According to the division’s guidance, examples of taxable purchases include:
- A paid subscription to software programs providing digital tools for office work (including spreadsheet programs, programs to create overhead presentations, and programs to create written documents).
- Programs purchased and accessed or used online to handle payroll, accounting, human resources and other like functions.
- Programs purchased and accessed or used online to manage the books of the purchaser’s business.
- Programs purchased and accessed or used online to handle customer relationship management (CRM) operations.
- Online dating services purchased and used or accessed online, including through dating applications accessed or used on a computer, phone, or other device.
- Job search programs purchased, or a social media program purchased to link the user to other professionals.
In general, the vendor will be responsible for collecting and remitting the tax. Currently unregistered vendors must register with the division, obtain a sales permit, and collect and remit sales and use tax. Vendors may register directly with the division or via the Streamlined Sales Tax Registration System. If the vendor does not charge the sales and use tax, the consumer (individual or business) will be responsible for paying the tax.

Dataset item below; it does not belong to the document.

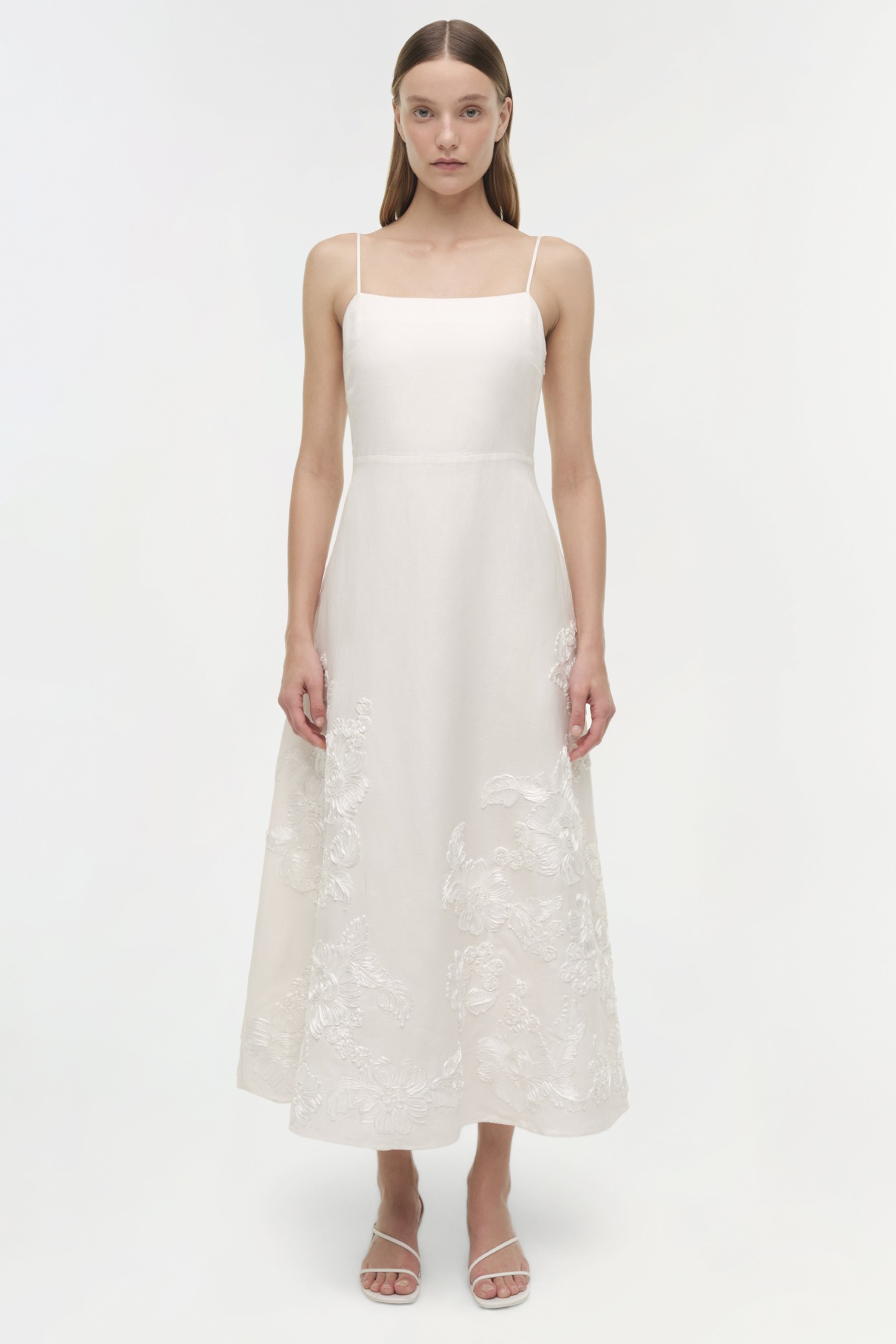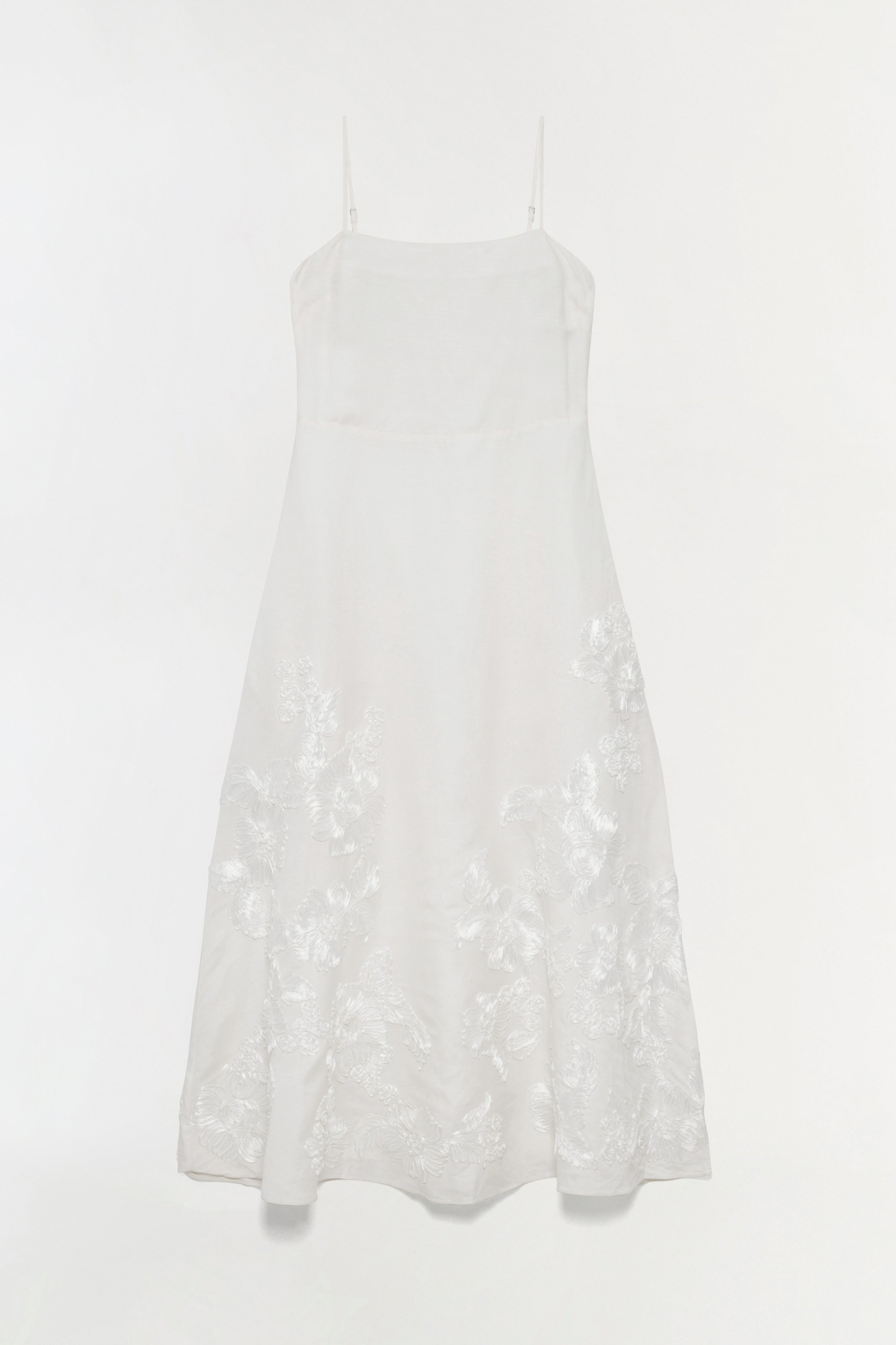 Crafted from a structured yet breathable linen blend, this dress is traced with delicate soutache embroidery that contrasts its clean lines. Cut to a flattering midi length, the silhouette is finished with a delicate cami neckline for an effortless, refined mood.

Rhode Island’s decision to impose sales and use tax on SaaS items may affect many businesses and individuals because the tax applies to a wide variety of frequently used software. As noted in the division’s guidance, tax will be imposed on software accessed over the Internet even if it is not downloaded or permanently used. The enactment of this legislation follows efforts in other states to address the taxation of SaaS, including neighboring states such as Massachusetts, Connecticut and New York.
In Massachusetts, charges for the access or use of software on a remote server are generally subject to tax.5
However, tax does not apply where there is no charge for the use of the software and the object of the transaction is acquiring a good or service other than the use of the software.6
Connecticut has no specific authority concerning the taxability of SaaS, but software delivered electronically and data processing services are taxable at a 1% rate that is much lower than the standard Connecticut sales tax rate applied to most taxable transactions.7
New York law does not specifically address the treatment of SaaS for sales tax purposes, but The New York Department of Taxation and Finance has considered the taxability of a company’s computer software that allowed customers to upload an image onto the company’s servers and manipulate the image to show various colors and views.8
According to the department, the company’s charges for use of its software were receipts from the sale of prewritten computer software. As a result, the sale of a license to use the product to a customer in New York was subject sales tax because it constituted a transfer of the software.